Decision Intelligence. The Amazon Way: A Blueprint for Success

• Use keywords and phrases from site searches – they can help stock control and product indexing, and over time help to decide what new products to add or where money can be made running PPC advertising for other retailers.

• Review internally what technology is needed to help every part of the business contribute to the data pool. Can you install in-store cameras to examine queuing and checkout and re-deploy resources real time to minimise customer wait time? How can shrinkage be measured in the supply chain or store? Can we use predictive analytics to determine where theft is likely to occur next?

• Identify external sources of data that will provide new competitive insights. The Social Graph is a great source of data about customers and their social networks and the online advertising game is now allowing retailers to target ‘look-alike’ audiences. What would happen if adjacent retailers were able to share information in a co-optition model?
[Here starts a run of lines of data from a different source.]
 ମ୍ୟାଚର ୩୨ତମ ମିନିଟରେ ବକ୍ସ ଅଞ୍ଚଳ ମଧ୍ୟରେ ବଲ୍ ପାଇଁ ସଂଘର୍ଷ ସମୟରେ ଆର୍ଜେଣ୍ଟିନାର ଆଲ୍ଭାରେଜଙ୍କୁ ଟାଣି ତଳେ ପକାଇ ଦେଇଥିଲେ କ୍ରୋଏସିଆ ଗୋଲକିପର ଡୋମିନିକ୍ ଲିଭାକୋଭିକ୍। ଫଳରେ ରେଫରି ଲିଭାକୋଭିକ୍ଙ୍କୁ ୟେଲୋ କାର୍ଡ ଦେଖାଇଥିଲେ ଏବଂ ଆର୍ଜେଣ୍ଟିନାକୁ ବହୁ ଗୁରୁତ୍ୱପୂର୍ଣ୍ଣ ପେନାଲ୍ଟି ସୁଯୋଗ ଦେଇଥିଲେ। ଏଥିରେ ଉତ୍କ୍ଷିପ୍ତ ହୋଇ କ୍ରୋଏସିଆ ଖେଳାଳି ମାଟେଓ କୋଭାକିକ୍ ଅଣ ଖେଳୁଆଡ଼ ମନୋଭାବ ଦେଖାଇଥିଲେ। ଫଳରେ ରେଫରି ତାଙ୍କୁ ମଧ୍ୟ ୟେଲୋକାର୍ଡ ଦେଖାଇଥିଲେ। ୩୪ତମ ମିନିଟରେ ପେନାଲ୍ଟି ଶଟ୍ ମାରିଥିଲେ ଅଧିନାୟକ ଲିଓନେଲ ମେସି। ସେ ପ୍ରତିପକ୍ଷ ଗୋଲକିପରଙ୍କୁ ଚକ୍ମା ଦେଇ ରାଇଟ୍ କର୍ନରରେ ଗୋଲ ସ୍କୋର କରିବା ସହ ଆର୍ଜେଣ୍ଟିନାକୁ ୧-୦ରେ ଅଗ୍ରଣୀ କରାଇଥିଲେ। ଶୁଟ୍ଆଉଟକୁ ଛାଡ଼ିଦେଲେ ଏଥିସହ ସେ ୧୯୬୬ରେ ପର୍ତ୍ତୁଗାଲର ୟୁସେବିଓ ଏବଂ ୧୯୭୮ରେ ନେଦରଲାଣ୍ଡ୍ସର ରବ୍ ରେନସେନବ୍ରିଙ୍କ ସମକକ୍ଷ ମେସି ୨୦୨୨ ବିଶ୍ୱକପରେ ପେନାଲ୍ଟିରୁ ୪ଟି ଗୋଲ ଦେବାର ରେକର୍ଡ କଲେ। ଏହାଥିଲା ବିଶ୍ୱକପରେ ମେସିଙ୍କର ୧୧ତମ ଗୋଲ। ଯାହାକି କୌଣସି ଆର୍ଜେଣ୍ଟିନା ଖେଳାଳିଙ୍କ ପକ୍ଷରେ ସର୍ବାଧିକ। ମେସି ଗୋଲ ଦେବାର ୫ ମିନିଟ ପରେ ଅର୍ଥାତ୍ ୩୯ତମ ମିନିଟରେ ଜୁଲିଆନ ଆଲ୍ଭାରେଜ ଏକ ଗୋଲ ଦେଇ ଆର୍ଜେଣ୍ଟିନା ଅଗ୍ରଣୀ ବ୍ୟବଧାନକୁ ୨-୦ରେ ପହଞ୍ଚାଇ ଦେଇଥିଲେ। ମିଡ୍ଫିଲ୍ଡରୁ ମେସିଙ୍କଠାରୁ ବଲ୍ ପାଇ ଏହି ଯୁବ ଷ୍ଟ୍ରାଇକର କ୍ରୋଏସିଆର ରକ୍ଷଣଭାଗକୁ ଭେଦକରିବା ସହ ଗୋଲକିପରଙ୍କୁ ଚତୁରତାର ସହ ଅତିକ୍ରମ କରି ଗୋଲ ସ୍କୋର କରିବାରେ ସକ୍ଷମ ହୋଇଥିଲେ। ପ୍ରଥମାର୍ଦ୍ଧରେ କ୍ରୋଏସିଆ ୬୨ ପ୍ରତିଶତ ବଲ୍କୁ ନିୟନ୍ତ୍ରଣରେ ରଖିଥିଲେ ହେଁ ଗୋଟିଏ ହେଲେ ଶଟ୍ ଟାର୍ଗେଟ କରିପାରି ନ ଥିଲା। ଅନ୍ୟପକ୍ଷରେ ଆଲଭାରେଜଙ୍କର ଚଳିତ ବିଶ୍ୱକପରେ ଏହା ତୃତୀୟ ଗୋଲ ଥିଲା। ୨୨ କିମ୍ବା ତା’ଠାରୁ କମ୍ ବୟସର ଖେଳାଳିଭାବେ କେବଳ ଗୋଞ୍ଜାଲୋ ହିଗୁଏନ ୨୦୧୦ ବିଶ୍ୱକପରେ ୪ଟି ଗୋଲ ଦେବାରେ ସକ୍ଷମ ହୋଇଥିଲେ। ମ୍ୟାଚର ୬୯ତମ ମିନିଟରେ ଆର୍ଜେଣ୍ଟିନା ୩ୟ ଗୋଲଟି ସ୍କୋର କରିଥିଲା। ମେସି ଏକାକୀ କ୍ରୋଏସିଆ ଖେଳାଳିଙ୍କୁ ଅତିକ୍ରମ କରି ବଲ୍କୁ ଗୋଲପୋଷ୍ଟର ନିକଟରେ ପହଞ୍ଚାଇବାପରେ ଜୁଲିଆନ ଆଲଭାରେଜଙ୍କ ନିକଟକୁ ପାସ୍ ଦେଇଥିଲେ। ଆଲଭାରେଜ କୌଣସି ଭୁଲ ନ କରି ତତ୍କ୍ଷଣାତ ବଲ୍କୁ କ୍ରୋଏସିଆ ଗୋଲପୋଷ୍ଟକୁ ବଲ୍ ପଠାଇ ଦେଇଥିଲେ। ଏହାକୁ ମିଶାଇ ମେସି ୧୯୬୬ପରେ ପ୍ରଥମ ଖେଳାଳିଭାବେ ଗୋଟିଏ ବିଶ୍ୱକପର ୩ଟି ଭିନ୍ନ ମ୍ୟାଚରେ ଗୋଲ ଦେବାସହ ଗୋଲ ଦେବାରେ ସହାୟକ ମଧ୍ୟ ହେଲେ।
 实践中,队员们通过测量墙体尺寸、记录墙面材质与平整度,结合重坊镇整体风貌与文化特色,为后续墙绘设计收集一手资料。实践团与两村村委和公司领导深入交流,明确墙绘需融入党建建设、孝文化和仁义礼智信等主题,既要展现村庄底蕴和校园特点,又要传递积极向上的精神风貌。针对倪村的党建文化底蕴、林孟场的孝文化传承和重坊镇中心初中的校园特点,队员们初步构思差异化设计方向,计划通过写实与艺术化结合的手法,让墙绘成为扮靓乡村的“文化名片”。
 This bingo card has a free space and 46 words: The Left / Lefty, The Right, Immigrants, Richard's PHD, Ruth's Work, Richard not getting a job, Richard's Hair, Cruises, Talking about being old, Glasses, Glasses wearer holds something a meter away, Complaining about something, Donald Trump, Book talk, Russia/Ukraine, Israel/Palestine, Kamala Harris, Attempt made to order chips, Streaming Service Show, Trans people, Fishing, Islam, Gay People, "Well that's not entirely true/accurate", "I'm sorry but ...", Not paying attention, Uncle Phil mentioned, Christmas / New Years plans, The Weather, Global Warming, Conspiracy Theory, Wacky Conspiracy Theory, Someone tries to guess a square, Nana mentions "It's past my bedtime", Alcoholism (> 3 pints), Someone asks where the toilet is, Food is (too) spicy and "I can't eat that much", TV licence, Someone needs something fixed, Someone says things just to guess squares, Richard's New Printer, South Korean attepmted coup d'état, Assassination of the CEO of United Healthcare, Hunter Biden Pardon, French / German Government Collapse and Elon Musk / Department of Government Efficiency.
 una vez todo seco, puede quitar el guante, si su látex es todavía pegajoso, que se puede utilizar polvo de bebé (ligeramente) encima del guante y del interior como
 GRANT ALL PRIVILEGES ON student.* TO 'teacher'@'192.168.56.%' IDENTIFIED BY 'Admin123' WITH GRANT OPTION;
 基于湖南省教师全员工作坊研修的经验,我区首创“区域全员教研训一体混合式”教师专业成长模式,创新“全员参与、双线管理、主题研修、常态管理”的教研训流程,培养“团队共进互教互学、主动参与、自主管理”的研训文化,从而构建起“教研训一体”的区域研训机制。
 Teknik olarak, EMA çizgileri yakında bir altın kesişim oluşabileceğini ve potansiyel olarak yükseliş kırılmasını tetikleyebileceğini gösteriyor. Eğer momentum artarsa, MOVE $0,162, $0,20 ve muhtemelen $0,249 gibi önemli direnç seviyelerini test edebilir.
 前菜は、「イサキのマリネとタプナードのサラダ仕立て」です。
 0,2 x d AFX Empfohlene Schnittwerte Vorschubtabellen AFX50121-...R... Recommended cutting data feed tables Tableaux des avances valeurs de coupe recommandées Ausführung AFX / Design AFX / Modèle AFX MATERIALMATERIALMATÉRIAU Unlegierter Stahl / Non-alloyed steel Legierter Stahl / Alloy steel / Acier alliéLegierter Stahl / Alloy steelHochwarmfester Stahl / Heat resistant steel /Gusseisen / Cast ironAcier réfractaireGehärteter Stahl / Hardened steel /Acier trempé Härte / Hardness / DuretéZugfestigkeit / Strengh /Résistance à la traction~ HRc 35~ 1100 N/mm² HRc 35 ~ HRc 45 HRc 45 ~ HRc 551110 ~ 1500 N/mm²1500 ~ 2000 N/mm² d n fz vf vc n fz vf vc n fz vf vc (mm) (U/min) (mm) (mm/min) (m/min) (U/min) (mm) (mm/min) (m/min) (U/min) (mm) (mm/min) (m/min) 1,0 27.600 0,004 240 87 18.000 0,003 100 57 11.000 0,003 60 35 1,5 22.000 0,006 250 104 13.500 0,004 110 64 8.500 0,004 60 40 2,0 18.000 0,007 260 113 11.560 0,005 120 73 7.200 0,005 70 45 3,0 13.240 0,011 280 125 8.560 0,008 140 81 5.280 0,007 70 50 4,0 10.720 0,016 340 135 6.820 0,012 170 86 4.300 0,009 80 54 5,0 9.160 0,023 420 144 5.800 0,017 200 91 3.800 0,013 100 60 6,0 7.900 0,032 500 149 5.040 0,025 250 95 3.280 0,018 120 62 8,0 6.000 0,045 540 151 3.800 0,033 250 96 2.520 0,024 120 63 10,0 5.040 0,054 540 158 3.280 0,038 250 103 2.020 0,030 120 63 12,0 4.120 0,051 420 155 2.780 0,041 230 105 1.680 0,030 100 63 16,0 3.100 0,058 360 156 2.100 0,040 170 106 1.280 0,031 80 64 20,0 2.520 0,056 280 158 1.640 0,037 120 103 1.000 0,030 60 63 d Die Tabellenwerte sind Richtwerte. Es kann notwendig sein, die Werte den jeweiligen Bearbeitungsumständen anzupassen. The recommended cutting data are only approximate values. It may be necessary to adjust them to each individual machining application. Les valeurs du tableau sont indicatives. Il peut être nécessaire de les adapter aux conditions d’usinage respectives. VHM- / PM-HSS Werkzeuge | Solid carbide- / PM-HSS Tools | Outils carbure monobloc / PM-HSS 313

Looking outside retail, there are also plenty of businesses using data exhaust (the data produced as a by-product of another activity) to great effect. Google indexes the web and allows people to search it for free. This data exhaust is an aggregation of search words which are then used in an Adwords auction search term to advertisers. LinkedIn allows people to upload, store, update and share their CVs. This data exhaust is an aggregation of the movement of people between companies, which recruiters pay to advertise and find potential candidates.

Give More

It may feel counter-intuitive, but you should share your data with your suppliers and partners, as well as your customers. It will empower decisionmaking all along the chain.

• To suppliers: Sharing data with your supplier network will help them action improvements and optimise processes to provide a better service. For example, Walmart shares its sales data with its suppliers to help them better predict demand and be proactive in ensuring availability.

• To customers: Guide your customers buying decisions. Sears Holdings has a large base of customer data that they offer to other retailers implicitly via ShopYourWay and explicitly via Metascale. Rather than intrusive push campaigns, customers are presented with products that are relevant and perhaps outside the Sears’ assortment while they are browsing. Sears also benefits from getting feedback into their online marketplace on which new products to offer. Use your data to improve your processes

Design your processes to capture more data so that you can further improve your processes. Amazon actively harvests consumer intelligence. For example they regularly examine on-site search terms as part of the process to improve product descriptions.

If you put the right system in place, like the Social Data Intelligence Test, your products can improve directly from customer data. Customer service should be a profit centre, not a cost centre. If customer feedback data is provided quickly and easily to buyers, suppliers and designers they can respond rapidly.

Online retailers use natural feedback loops such as customer reviews and crowd-sourced support forums that allow customers to engage with them and simultaneously improve the product or experience. For instance, Sony Entertainment uses the gaming feedback boards (e.g. IGN) to determine what features customers love and hate and to work out the optimal time to launch. Google maps experienced a problem with users hacking into their system and turned this into an opportunity by opening up the system, allowing people to contribute – which has allowed for a better product.

Introducing a data mind set is a cultural shift for many retail businesses. The CEO has to introduce a programme of behavioural change where every decision and every meeting is led by data. It should be expected and indeed demanded. Early activities to get you going may include: openly acknowledging data-led successes – where has money been made or saved?; cataloguing initiatives which are explicitly data-led (either new analysis of existing data or collecting new data); or explicitly gathering and sharing widely the data generated from every new product or service launch.